So my dad got some bad advice from TD and over contributed to this TD TSFA account last year and only till today he got a letter that he owes $250ish in penalty and he is still $500ish over contributed.

The letter only says that he needs to pay off the $250ish penalty by Sept 1st else more late fees, but there wasn't any mention he needs to withdrawal the $500ish over contribution still.

I'm assuming he has to withdrawal the $500ish immediately to avoid further penalty? odd why the CRA wouldn't just mention that in the letter.

Any advice on this?

Thanks.
9 replies
Newbie
May 23, 2011
91 posts
110 upvotes
So there is a form somewhere that you can fill out asking for leniency.

I did it one year where I overcontributed by 3k and asked them for forgiveness.
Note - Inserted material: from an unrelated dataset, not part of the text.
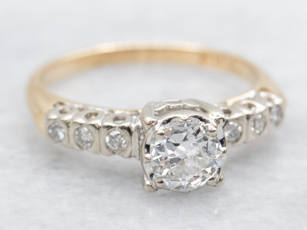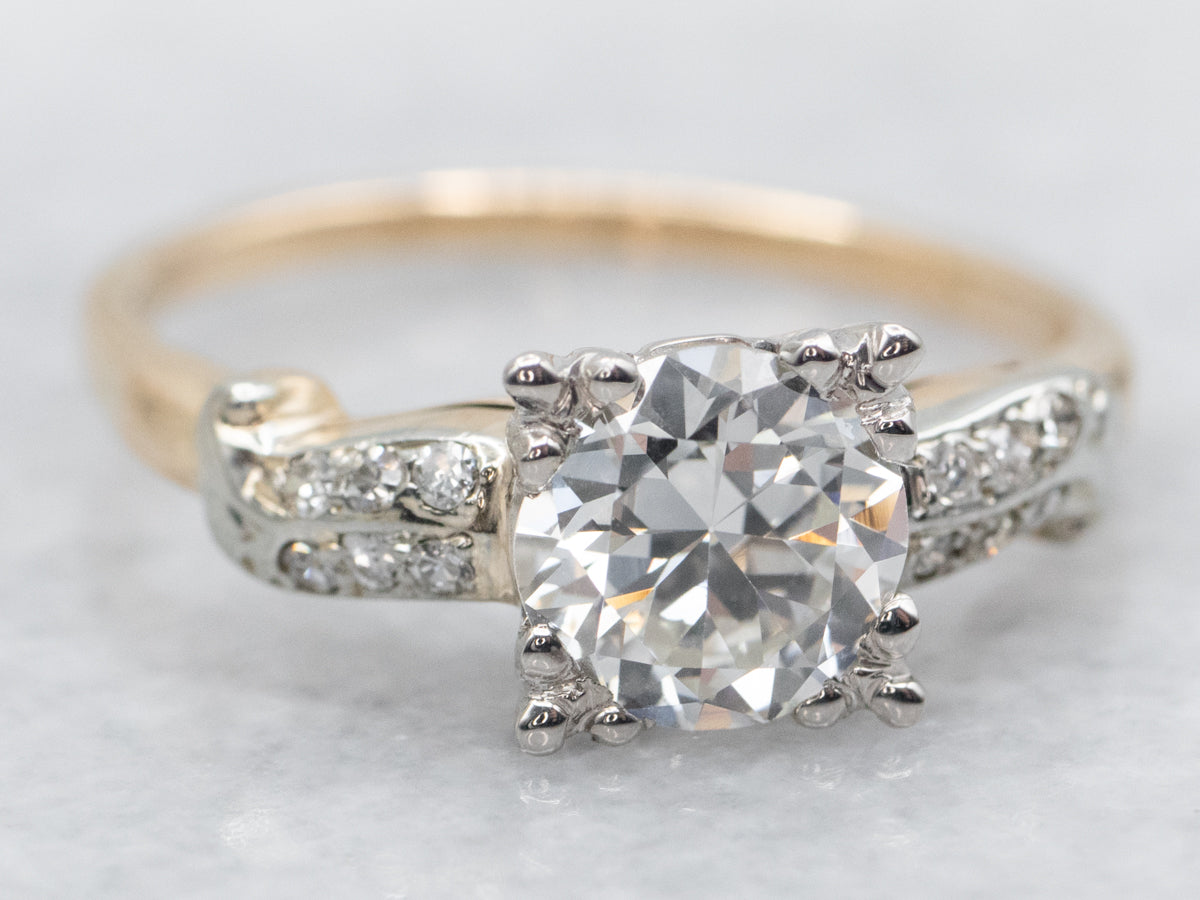 Metal: 14K Yellow and White Gold Gem: European Cut Diamond 1.58 Carats, I2 in Clarity, J in Color Gem Measurements: 7.5 mm, Round Ring Size: 9.25 Marks: "14K" Stamped on the inside band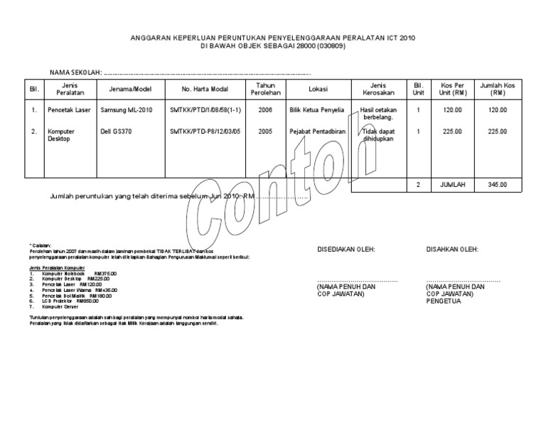 Penyenggaraan Ict Sekolah Unit Pembestarian Sekolahbahagian Teknologi Pendidikan Negeriwp Kuala Lumpur from btpnkl.weebly.com Peralatan yang tidak didaftarkan sebagai hak milik kerajaan adalah tanggungan sendiri. Contoh surat undangan resmi dapat digunakan agar surat undangan yang kamu buat. Pencetak laser warna rm435.00 5. Pencetak dot matrik rm180.00 6. Sejak munculnya jaringan komputer, dunia telah mengalami banyak perubahan. Contoh laporan dlkm operasi sistem komputer it 020 4. Contoh format borang penyelenggaraan komputer 2 senarai semak kemudahan dan prasarana formulir data pelanggan 36 soal selidik pengakutan daftar harta inventori. Borang penyelenggaraan komputer (page 1).

I paid the approximate penalty and then 6 months later they refunded me.

So id say yes pull out the extra.
If you could get the bank to admit they F’d up in a letter, You could ask cra for forgiveness. See what they say.
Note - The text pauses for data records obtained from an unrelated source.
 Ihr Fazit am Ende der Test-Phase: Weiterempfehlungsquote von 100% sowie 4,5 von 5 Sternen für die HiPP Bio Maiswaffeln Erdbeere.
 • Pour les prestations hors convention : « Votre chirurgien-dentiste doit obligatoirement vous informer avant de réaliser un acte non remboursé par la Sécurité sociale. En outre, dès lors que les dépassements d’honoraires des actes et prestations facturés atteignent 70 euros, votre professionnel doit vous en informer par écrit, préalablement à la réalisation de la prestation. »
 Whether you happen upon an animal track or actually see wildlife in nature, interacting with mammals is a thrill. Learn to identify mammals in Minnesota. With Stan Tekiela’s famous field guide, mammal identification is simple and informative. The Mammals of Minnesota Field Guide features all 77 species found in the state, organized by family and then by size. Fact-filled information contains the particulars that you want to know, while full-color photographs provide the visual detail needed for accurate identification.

Those banks are the worst. They put huge pressure on tellers to open accounts. They tricked my mom into opening a TFSA and making an opening deposit. Even though I already maxed it out for her that year. I had to call in and yell at the bank manager to get it reversed.
[OP]
Deal Addict
Feb 4, 2003
3262 posts
1561 upvotes
JoloLo wrote: So there is a form somewhere that you can fill out asking for leniency.

I did it one year where I overcontributed by 3k and asked them for forgiveness. I paid the approximate penalty and then 6 months later they refunded me.
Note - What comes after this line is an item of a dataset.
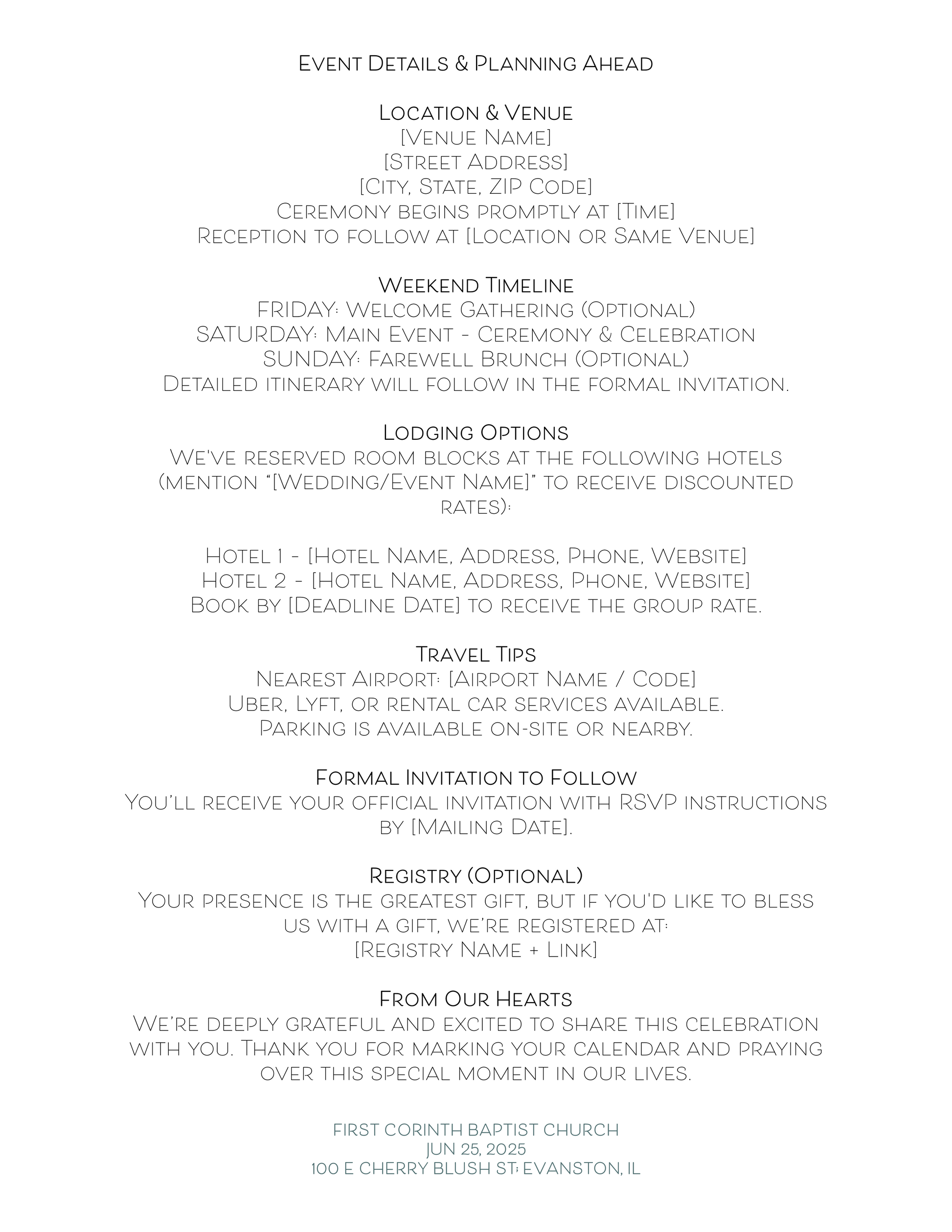 Customizable Save-the-Date + Wedding Weekend Letter Template (Editable PDF & Google Doc)

So id say yes pull out the extra.
If you could get the bank to admit they F’d up in a letter, You could ask cra for forgiveness. See what they say.

Those banks are the worst. They put huge pressure on tellers to open accounts. They tricked my mom into opening a TFSA and making an opening deposit. Even though I already maxed it out for her that year. I had to call in and yell at the bank manager to get it reversed.
In the CRA letter, it says "Our records shows that we previously notified you about making excess contribution" which i don't think is true, need to figure out what that is all about since the only reason i can see them mentioning that so we don't ask for forgiveness.

The TD advisor doesn't know that my dad maxed out his contribution somewhere else and question my Dad why not move his money to a TFSA buying some TD funds errr. We checked his CRA account and looks like TD got him to move 6k in Jan and then another 12k in Sept. WTF wrong with TD. How do they think my dad would have 18K TSFA room, they prey on seniors and my dad just took their words not knowing better.
Deal Fanatic
Jan 19, 2017
7199 posts
4211 upvotes
zzricezz wrote: In the CRA letter, it says "Our records shows that we previously notified you about making excess contribution" which i don't think is true, need to figure out what that is all about since the only reason i can see them mentioning that so we don't ask for forgiveness.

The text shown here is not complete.